Signs and symptoms usually occur on skin that has been exposed to the sun and develops within minutes and hours after exposure to the sun.



The causes why some people develop sun allergy, and others are not yet known for sure; however, in many cases, hereditary traits may play a role. In other cases, certain chemicals, medications, and underlying diseases can cause increased sensitivity of the skin to the sun.

Risk factors:

  • Race: Sun allergies are more common in fair-skinned people. However, anyone can suffer from sun allergy

  • Skin diseases: suffering from skin disease such as dermatitis, increases the risk of sun allergy

  • Hereditary Factor-People with blood relatives who have a sun allergy are more likely to develop a sun allergy 

  • Medications: Taking some medications speeds up the sunburn process on the skin

  • Substances such as perfumes, disinfectants-some of the symptoms of sun allergy develop when the skin is in contact with this substance and then in sunlight

When to consult a doctor?

Don't hesitate to consult your Dermatologist if after exposure to the sun you experience skin reactions that are unusual, uncomfortable or affect your quality of life.


The Dermatologist will make an exam of your skin and a medical and family history to reach a diagnosis. There are some cases in which the Dermatologist requests additional tests such as blood tests, skin biopsy, or photographic tests to rule out other skin problems such as Eczema and Lupus.

Living with a Sun Allergy:

If you already have a sun allergy, take the following steps to prevent the signs and symptoms of an allergic reaction.

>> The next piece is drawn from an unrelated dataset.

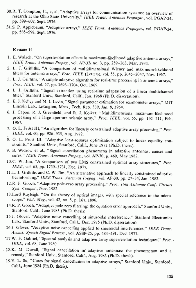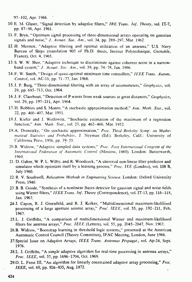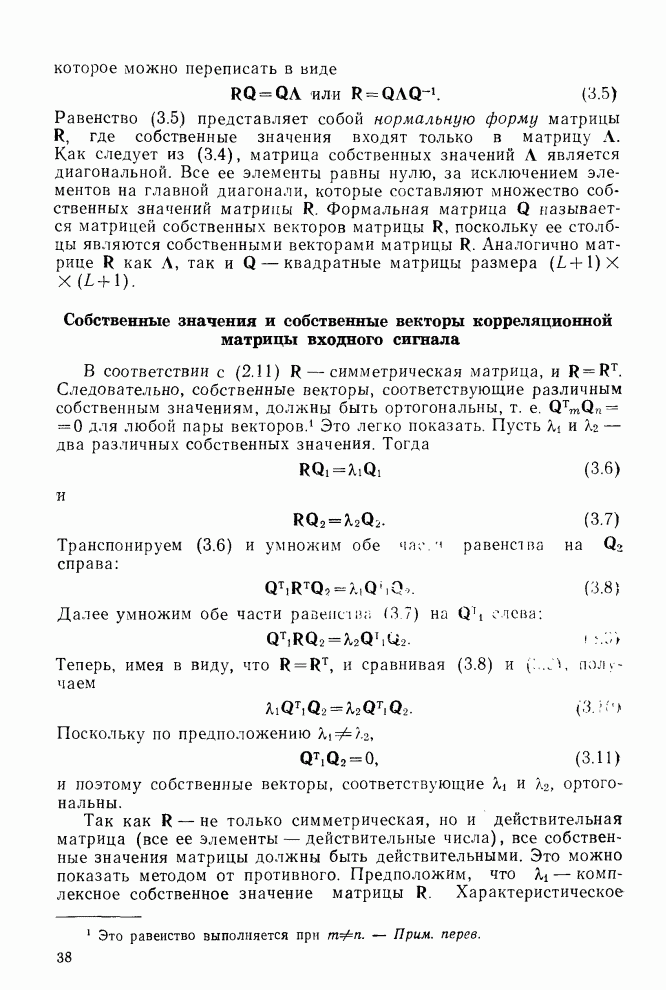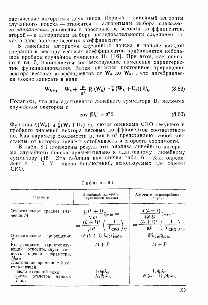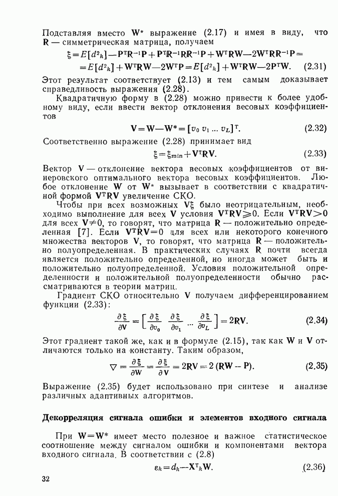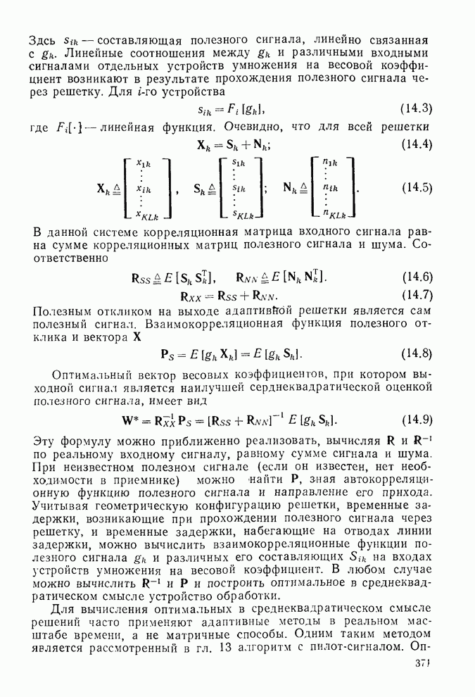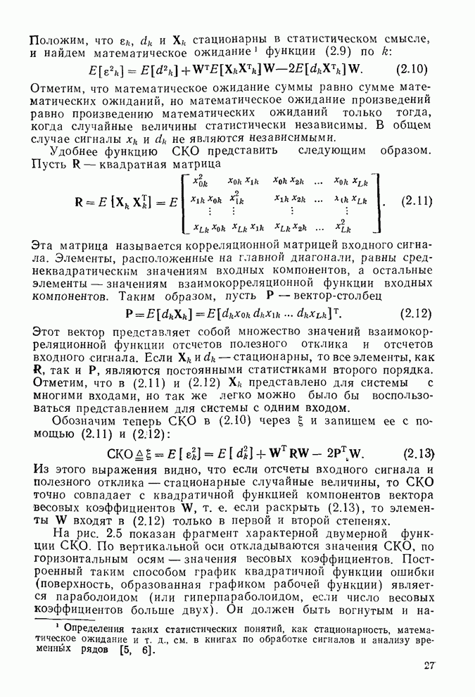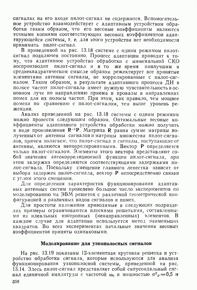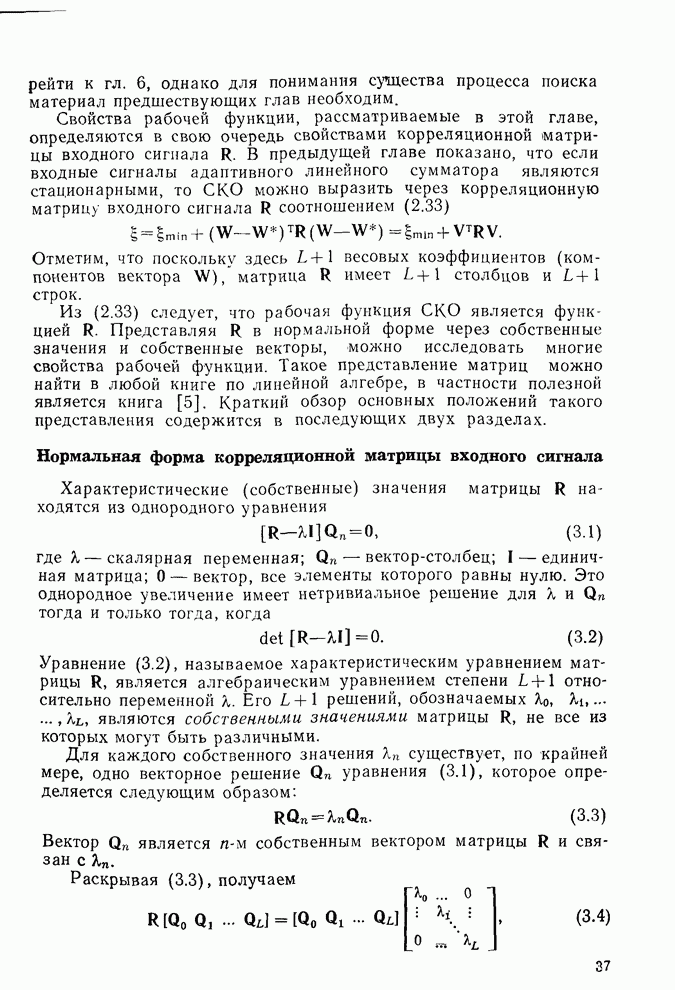 Уравнение (5.98) позволяет легко оценить характеристики адаптивной системы, основанной на методе Ньютона. Как видно, по мере роста относительного приращения и постоянной времени относительное среднее значение СКО уменьшается. При большем значении Р возможно более точное измерение градиента, а при большей Тско для поиска оптимального вектора весовых коэффициентов можно получить усреднение по большему количеству данных. Видно также, что относительное среднее значение СКО растет как квадрат числа весовых коэффициентов, поэтому незначительное улучшение адаптивных свойств достигается при существенном усложнении системы. Можно отметить, что собственные значения оказывают заметное влияние на относительное среднее значение СКО только тогда, когда они сильно отличаются друг от друга. Влияние параметров

  • Use sunscreen: Using UVA and UVB protection is essential. Use a broad-spectrum sunscreen with an SPF of at least 30. Ideally, use sunscreen throughout the year daily; if you are swimming or sweating, reapply the sunscreen every few months.
  • Avoid exposure to too much sunlight: Avoid sudden exposure to sunlight, and gradually increase the amount of time you spend outdoors so that your skin cells slowly adapt to the sunlight.
  • Avoid going out in the sun during peak hours: Try not to expose your skin to too much sunlight between 10 a.m. and 4 p.m.
  • Try to wear protective clothing: Also, wear sunglasses that offer UV protection, wide-brimmed hats, and long sleeve shirts are recommended options when you know you will have to expose yourself to sunlight.
  • Pay attention to the triggers: Start paying closer attention to see if any particular substance is causing reactions on your skin, whether it's a medication, perfume, or other chemicals.